For the Heston model with parameters $\kappa = 2$, $\theta = 0.04$, $\xi = 0.5$, $\rho = -0.7$, $V_0 = 0.04$, $S_0 = \$100$, $r = 0.05$, $T = 1$:

The COS method with $N = 128$ and truncation interval $[a, b]$ chosen as $\pm 10$ standard deviations of the log-price distribution produces call prices accurate to $10^{-10}$ in about 0.1 milliseconds per strike---orders of magnitude faster than Monte Carlo.

Calibration¶

The Inverse Problem¶

Calibration finds model parameters $\boldsymbol{\theta} = (\kappa, \theta, \xi, \rho, V_0)$ (for Heston) that best fit observed option prices $C_i^{\text{mkt}}$ for strikes $K_i$ and maturities $T_i$:

\[ \boldsymbol{\theta}^* = \arg\min_{\boldsymbol{\theta}} \sum_{i=1}^M w_i\!\left(C_i^{\text{model}}(\boldsymbol{\theta}) - C_i^{\text{mkt}}\right)^2 \]

where $w_i$ are weights (often inverse bid-ask spreads or vega-based weights).
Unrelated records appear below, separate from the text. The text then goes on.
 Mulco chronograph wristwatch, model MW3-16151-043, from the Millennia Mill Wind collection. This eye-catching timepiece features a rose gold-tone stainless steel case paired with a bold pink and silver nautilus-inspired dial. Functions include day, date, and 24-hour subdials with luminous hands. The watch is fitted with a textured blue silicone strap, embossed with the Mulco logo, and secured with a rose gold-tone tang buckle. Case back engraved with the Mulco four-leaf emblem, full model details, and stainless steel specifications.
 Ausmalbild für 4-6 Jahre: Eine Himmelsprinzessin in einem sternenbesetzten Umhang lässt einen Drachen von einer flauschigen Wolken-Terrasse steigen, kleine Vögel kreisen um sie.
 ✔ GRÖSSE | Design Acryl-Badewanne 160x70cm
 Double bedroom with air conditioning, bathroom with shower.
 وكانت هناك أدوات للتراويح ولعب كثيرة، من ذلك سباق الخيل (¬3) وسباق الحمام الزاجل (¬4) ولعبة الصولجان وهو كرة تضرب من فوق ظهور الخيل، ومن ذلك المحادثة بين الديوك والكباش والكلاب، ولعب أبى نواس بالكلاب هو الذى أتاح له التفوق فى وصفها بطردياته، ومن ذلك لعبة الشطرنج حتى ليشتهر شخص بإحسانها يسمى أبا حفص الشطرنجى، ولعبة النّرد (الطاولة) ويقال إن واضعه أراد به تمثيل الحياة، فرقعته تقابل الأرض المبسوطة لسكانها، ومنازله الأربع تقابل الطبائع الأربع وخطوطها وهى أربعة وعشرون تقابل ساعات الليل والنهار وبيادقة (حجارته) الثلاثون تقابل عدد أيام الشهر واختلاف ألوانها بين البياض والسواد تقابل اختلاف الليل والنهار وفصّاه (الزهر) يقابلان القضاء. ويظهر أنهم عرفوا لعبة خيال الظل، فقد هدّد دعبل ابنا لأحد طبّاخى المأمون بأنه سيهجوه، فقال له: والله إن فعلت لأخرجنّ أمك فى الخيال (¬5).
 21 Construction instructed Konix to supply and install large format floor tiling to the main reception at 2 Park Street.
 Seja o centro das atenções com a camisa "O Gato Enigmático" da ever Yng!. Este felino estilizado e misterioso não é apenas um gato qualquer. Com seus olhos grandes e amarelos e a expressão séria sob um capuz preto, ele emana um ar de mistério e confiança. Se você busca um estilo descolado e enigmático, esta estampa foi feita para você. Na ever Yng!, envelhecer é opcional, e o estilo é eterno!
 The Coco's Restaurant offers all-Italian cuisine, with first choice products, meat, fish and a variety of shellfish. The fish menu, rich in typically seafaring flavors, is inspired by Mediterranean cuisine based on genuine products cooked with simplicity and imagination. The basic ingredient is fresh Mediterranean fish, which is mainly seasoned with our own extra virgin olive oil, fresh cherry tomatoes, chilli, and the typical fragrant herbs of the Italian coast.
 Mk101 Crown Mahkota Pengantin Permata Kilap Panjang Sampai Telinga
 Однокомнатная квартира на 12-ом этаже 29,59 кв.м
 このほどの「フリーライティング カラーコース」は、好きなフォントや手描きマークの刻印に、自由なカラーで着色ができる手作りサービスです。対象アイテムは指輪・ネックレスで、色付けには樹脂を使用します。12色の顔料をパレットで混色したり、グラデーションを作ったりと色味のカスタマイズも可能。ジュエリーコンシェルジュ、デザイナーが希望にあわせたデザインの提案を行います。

Why Fourier Pricing Enables Calibration¶

Calibration requires evaluating $C_i^{\text{model}}(\boldsymbol{\theta})$ for many parameter guesses $\boldsymbol{\theta}$ during the optimization. Each evaluation requires computing option prices at multiple strikes and maturities. Fourier methods make this feasible:

Speed: COS/FFT computes prices at $N$ strikes simultaneously in $O(N)$ or $O(N \log N)$ time
Gradients: Analytic gradients $\partial C/\partial \boldsymbol{\theta}$ are available by differentiating the characteristic function with respect to parameters, enabling gradient-based optimization
Stability: The exponential-affine form ensures smooth dependence on parameters, avoiding the noise inherent in Monte Carlo gradients

Calibration Workflow¶

Fix a maturity $T_j$ and observe market prices $C_1^{\text{mkt}}, \ldots, C_M^{\text{mkt}}$
For each parameter guess $\boldsymbol{\theta}$:
- Solve the Riccati ODEs for the characteristic function at maturity $T_j$
- Evaluate the COS/FFT formula at all strikes $K_1, \ldots, K_M$
- Compute the objective function
Use Levenberg-Marquardt or differential evolution to minimize the objective
Repeat for multiple maturities (joint calibration)

Calibration Pitfalls

Common issues include: (1) multiple local minima, especially for models with many parameters; (2) the Feller condition $2\kappa\theta \geq \xi^2$ may be violated by the optimizer, causing numerical instability; (3) overfitting to a single maturity that fails out-of-sample. Regularization and parameter bounds are essential.

Summary¶

Fourier inversion methods---the Carr-Madan FFT and the COS method---transform the European option pricing problem into a numerical integration of the characteristic function. For affine models, the characteristic function is known explicitly via the Riccati solutions, making each price evaluation extremely fast. The COS method achieves exponential convergence with $N \approx 128$ terms and requires no damping parameter. These methods are the computational backbone of calibration, which fits model parameters to observed option prices by minimizing a weighted least-squares objective with Fourier pricing as the inner loop.

Exercises¶

Exercise 1. Derive the Fourier representation of the European call price starting from $C = e^{-r\tau}\int_{-\infty}^\infty (e^x - K)^+ f(x)\,dx$ where $f(x)$ is the risk-neutral density of $\log S_T$. Show that the price can be written as a single integral involving the characteristic function $\Phi(v)$.

Solution to Exercise 1

Starting from the call price formula with $x = \log S_t$ and $f$ the risk-neutral density of $X_T = \log S_T$:

\[ C = e^{-r\tau}\int_{-\infty}^{\infty}(e^x - K)^+ f(x)\,dx = e^{-r\tau}\int_{\log K}^{\infty}(e^x - K)f(x)\,dx \]

Split into two terms:

\[ C = e^{-r\tau}\int_{\log K}^{\infty} e^x f(x)\,dx - Ke^{-r\tau}\int_{\log K}^{\infty} f(x)\,dx \]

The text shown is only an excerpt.